Every record must appear in your copy exactly as written, with no pictures.

[DATA FOR ANALYSIS Boundary: Start]

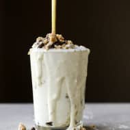 Peanut Butter Chocolate Chip Cookie Dough Blizzard with No Churn Vanilla Bean Ice Cream.
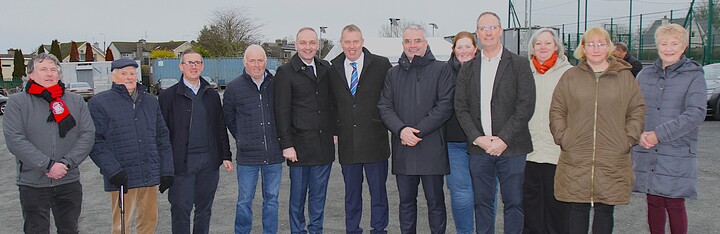 Minister for Rural and Community Development and the Gaeltacht, Dara Calleary TD, pictured with members of Moneygall Development Association and the Moneygall FC during the turning of the sod for the new community Centre (l. to r.); John Hassett, Buddie Powell, Mark Moroney, Gerry Larkin, Henry Healy, Cllr Peter Ormond, Minister Calleary, Lisa Costello, Sean Nolan, Theresa Harney, Colette Nolan and Betty Costello. Photo: Rose Mannion.
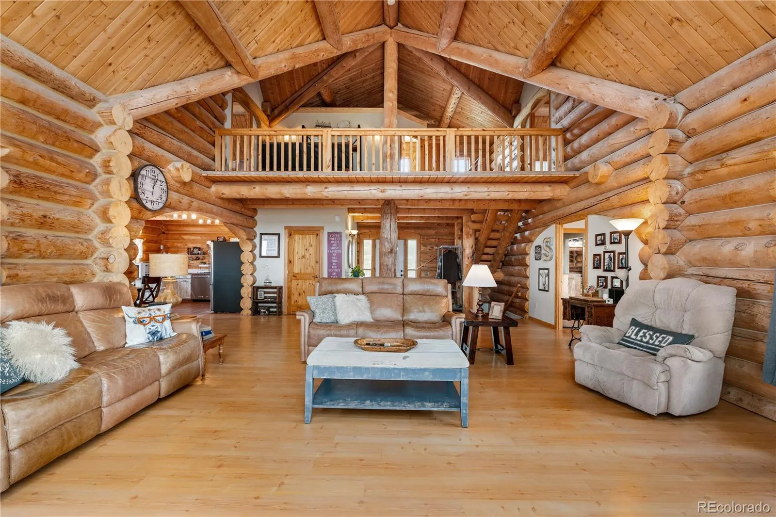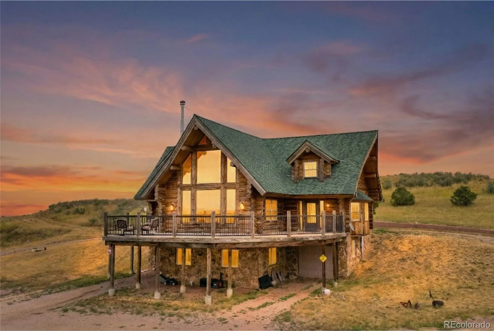 Escape to the wide open spaces of Elbert County with this one-of-a-kind log home retreat on over 35 fully fenced acres in Foxtail Farms. Tucked at the end of a quiet cul-de-sac, this three-bedroom, three-bathroom mountain contemporary offers scenic privacy, panoramic views, and the ultimate in rural living. The soaring great room showcases tongue-and-groove ceilings, hand-hewn logs, and a wall of windows that bathe the home in natural light. The open-concept main level features a spacious primary suite, wood-burning stove, and wraparound deck that invites morning coffee or sunset gatherings. Upstairs, you’ll find two additional bedrooms, a full bath, and a cozy loft overlooking the great room. The unfinished walkout basement provides ample room to expand or customize. This property is ready for your homesteading or ranching dreams, complete with deeded water rights, a private well, and four versatile outbuildings—including two loafing sheds, a stable, and large 2000 square-foot steel barn. Zoned residential with no HOA, the property is ideal for livestock, horses, goats, and more. Whether you’re seeking a peaceful getaway, a hobby farm, or a forever home, this rare opportunity delivers the best of Colorado country living—without compromising comfort or charm.
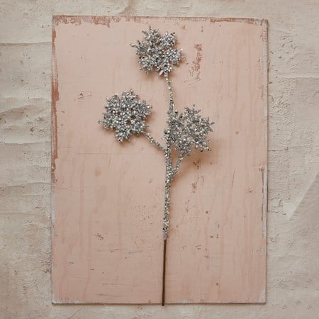 Plastic Snowflake Stem with Faux Pearls & Glitter
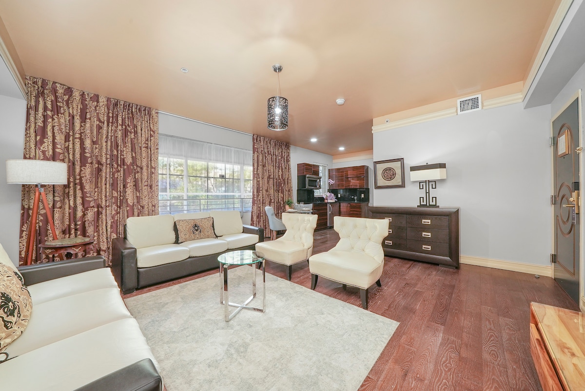 This chic one-bedroom suite offers a relaxing and comfortable stay in vibrant Miami Beach, just a short stroll from the shore. Enjoy a plush bed, spacious seating area, dedicated workspace, and a convenient kitchenette. Thoughtfully designed with modern décor and quality amenities, it provides a welcoming retreat, perfect for unwinding after sunny beach days and experiencing Miami’s lively atmosphere.
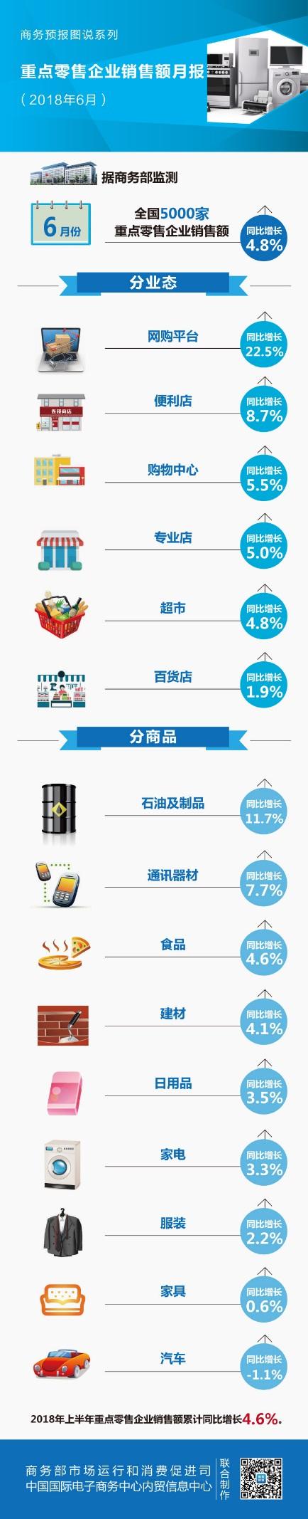 據(jù)商務(wù)部監(jiān)測(cè),2018年6月,全國(guó)5000家重點(diǎn)零售企業(yè)銷售額同比增長(zhǎng)4.8%。上半年重點(diǎn)零售企業(yè)銷售額累計(jì)同比增長(zhǎng)4.6%。
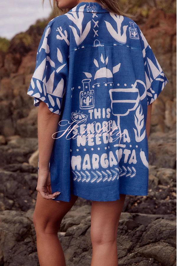 Vibrant Beach Satin Unique Print Colorblock Trim Button Down Oversized Blouse
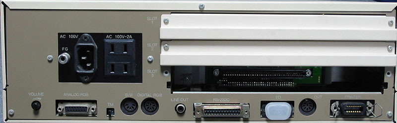 | 漢字ROMボード | 標準実装 文字構成 16*16ドット 文字種類 JIS第一水準の漢字(2965字)、非漢字(約700種) 画面構成 40文字*20行(専用高解像度ディスプレイ使用時) |
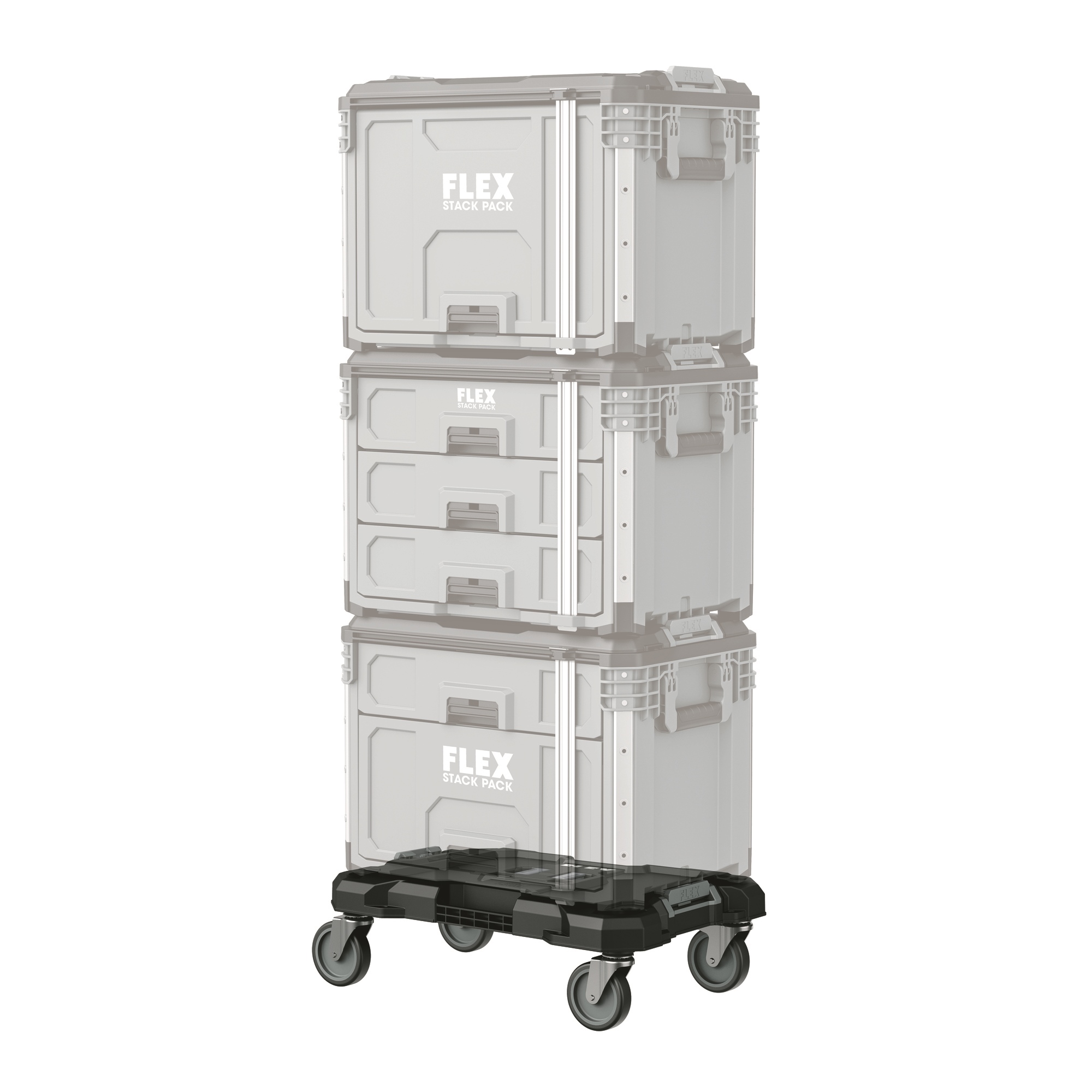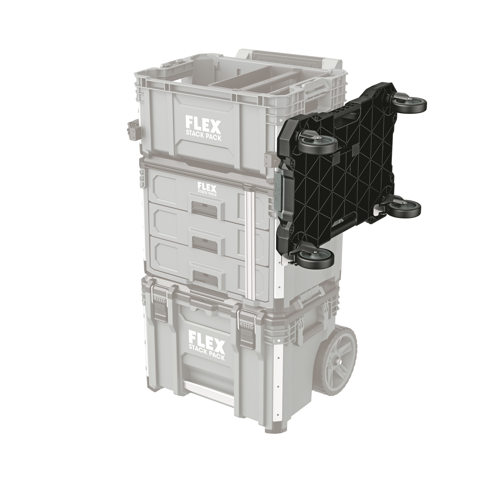 Le système de rangement et de transport robuste STACK PACK permet de transporter facilement les outils et les accessoires sur le chantier. Des fermetures rapides emboîtables offrent une connexion rapide, flexible et sans effort des différentes boîtes, ce qui permet de composer le système de rangement en fonction des besoins individuels. Des points de fixation sécurisent le chargement pour le transport sur le chariot. Le chariot est équipé de 4 roulettes pivotantes robustes, dont deux blocables. Charge supportable jusqu’à 115 kg.

[DATA FOR ANALYSIS Boundary: End]

ANSWER BELOW:
 Peanut Butter Chocolate Chip Cookie Dough Blizzard with No Churn Vanilla Bean Ice Cream.
 Minister for Rural and Community Development and the Gaeltacht, Dara Calleary TD, pictured with members of Moneygall Development Association and the Moneygall FC during the turning of the sod for the new community Centre (l. to r.); John Hassett, Buddie Powell, Mark Moroney, Gerry Larkin, Henry Healy, Cllr Peter Ormond, Minister Calleary, Lisa Costello, Sean Nolan, Theresa Harney, Colette Nolan and Betty Costello. Photo: Rose Mannion.
 Escape to the wide open spaces of Elbert County with this one-of-a-kind log home retreat on over 35 fully fenced acres in Foxtail Farms. Tucked at the end of a quiet cul-de-sac, this three-bedroom, three-bathroom mountain contemporary offers scenic privacy, panoramic views, and the ultimate in rural living. The soaring great room showcases tongue-and-groove ceilings, hand-hewn logs, and a wall of windows that bathe the home in natural light. The open-concept main level features a spacious primary suite, wood-burning stove, and wraparound deck that invites morning coffee or sunset gatherings. Upstairs, you’ll find two additional bedrooms, a full bath, and a cozy loft overlooking the great room. The unfinished walkout basement provides ample room to expand or customize. This property is ready for your homesteading or ranching dreams, complete with deeded water rights, a private well, and four versatile outbuildings—including two loafing sheds, a stable, and large 2000 square-foot steel barn. Zoned residential with no HOA, the property is ideal for livestock, horses, goats, and more. Whether you’re seeking a peaceful getaway, a hobby farm, or a forever home, this rare opportunity delivers the best of Colorado country living—without compromising comfort or charm.
 Plastic Snowflake Stem with Faux Pearls & Glitter
 This chic one-bedroom suite offers a relaxing and comfortable stay in vibrant Miami Beach, just a short stroll from the shore. Enjoy a plush bed, spacious seating area, dedicated workspace, and a convenient kitchenette. Thoughtfully designed with modern décor and quality amenities, it provides a welcoming retreat, perfect for unwinding after sunny beach days and experiencing Miami’s lively atmosphere.
 據(jù)商務(wù)部監(jiān)測(cè),2018年6月,全國(guó)5000家重點(diǎn)零售企業(yè)銷售額同比增長(zhǎng)4.8%。上半年重點(diǎn)零售企業(yè)銷售額累計(jì)同比增長(zhǎng)4.6%。
 Vibrant Beach Satin Unique Print Colorblock Trim Button Down Oversized Blouse
 | 漢字ROMボード | 標準実装 文字構成 16*16ドット 文字種類 JIS第一水準の漢字(2965字)、非漢字(約700種) 画面構成 40文字*20行(専用高解像度ディスプレイ使用時) |
 Le système de rangement et de transport robuste STACK PACK permet de transporter facilement les outils et les accessoires sur le chantier. Des fermetures rapides emboîtables offrent une connexion rapide, flexible et sans effort des différentes boîtes, ce qui permet de composer le système de rangement en fonction des besoins individuels. Des points de fixation sécurisent le chargement pour le transport sur le chariot. Le chariot est équipé de 4 roulettes pivotantes robustes, dont deux blocables. Charge supportable jusqu’à 115 kg.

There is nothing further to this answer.